Am 06.05.22 um 11:24 schrieb Pierre Morel:
We let the userland hypervisor know if the machine support the CPU topology facility using a new KVM capability: KVM_CAP_S390_CPU_TOPOLOGY. The PTF instruction will report a topology change if there is any change with a previous STSI_15_1_2 SYSIB. Changes inside a STSI_15_1_2 SYSIB occur if CPU bits are set or clear inside the CPU Topology List Entry CPU mask field, which happens with changes in CPU polarization, dedication, CPU types and adding or removing CPUs in a socket. The reporting to the guest is done using the Multiprocessor Topology-Change-Report (MTCR) bit of the utility entry of the guest's SCA which will be cleared during the interpretation of PTF. To check if the topology has been modified we use a new field of the arch vCPU to save the previous real CPU ID at the end of a schedule and verify on next schedule that the CPU used is in the same socket. We do not report polarization, CPU Type or dedication change.

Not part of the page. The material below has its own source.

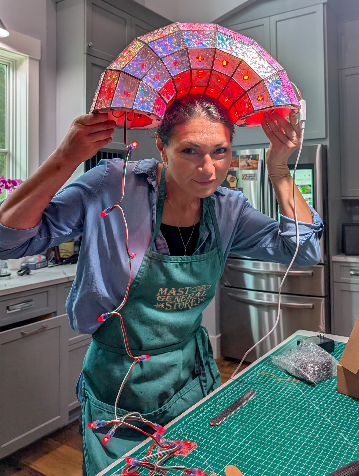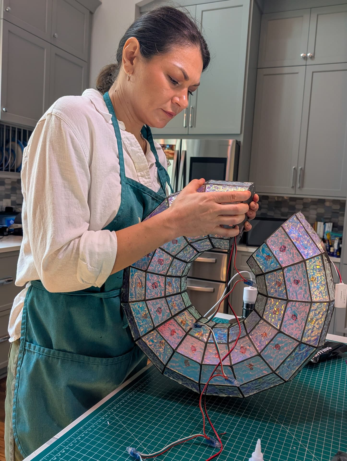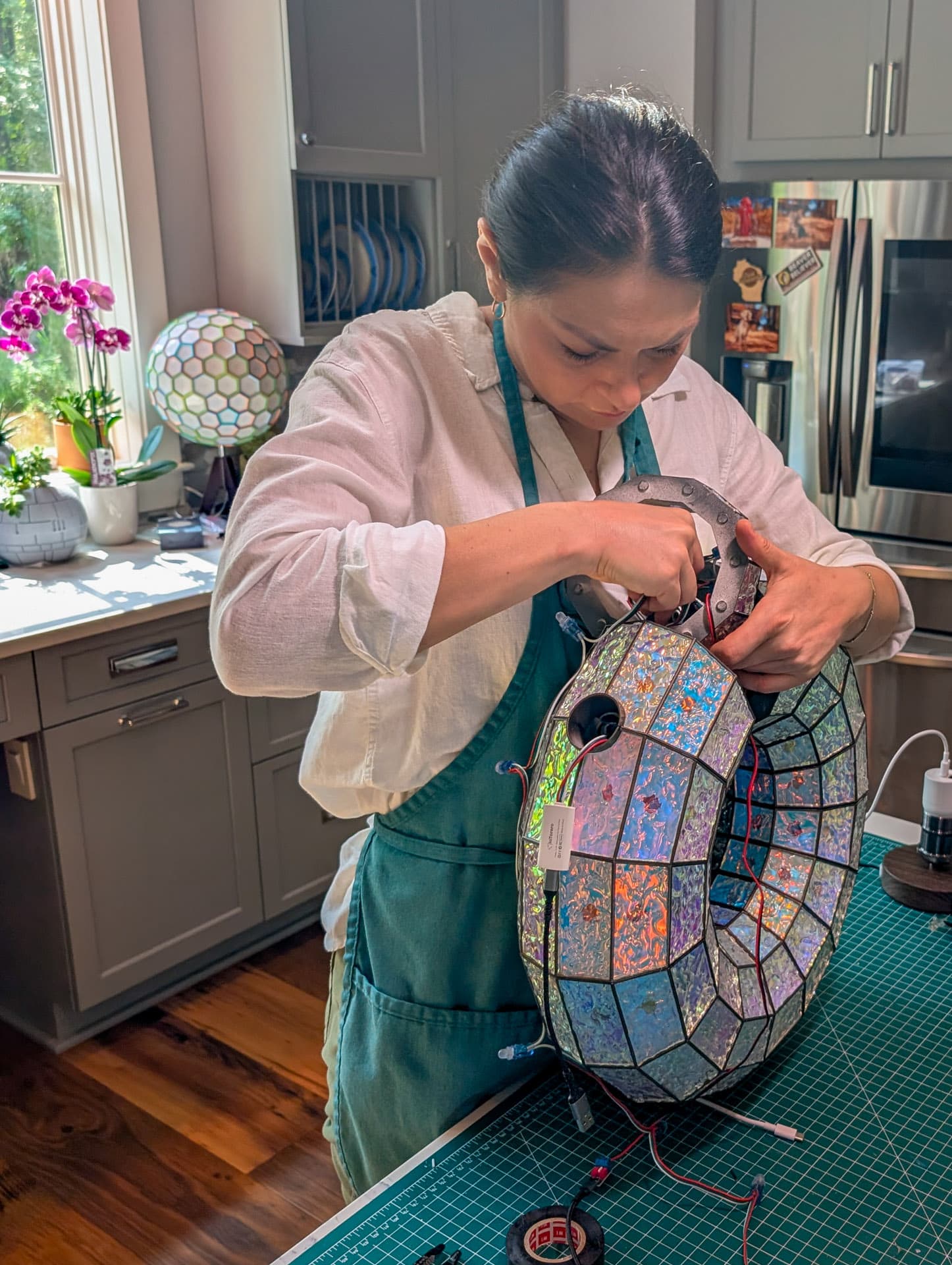 WOW! Love it. I would experiment on some of the material used to make the frame (PLA) and see if it becomes more malleable when left in the hot sun for a while. If so, I would try to slowly ratchet it together. I would be concerned about putting the lamp in even a low oven with all the wiring and covers. I have “slumped” acrylic, but I certainly am not an expert, just my 2 cents.

I think we should not do this. When PTF returns with "has changed" the guest Linux will rebuild its schedule domains. And this is a really expensive operation as far as I can tell. And the host Linux scheduler WILL schedule too often to other CPUs. So in essence this will result in Linux guests rebuilding their scheduler domains all the time. So remove the "previous CPU logic" for now and only trigger an MTCR when userspace says so. (eg. on config changes). The idea was to have user defined schedule domains. Following host schedule decisions will be nearly impossible.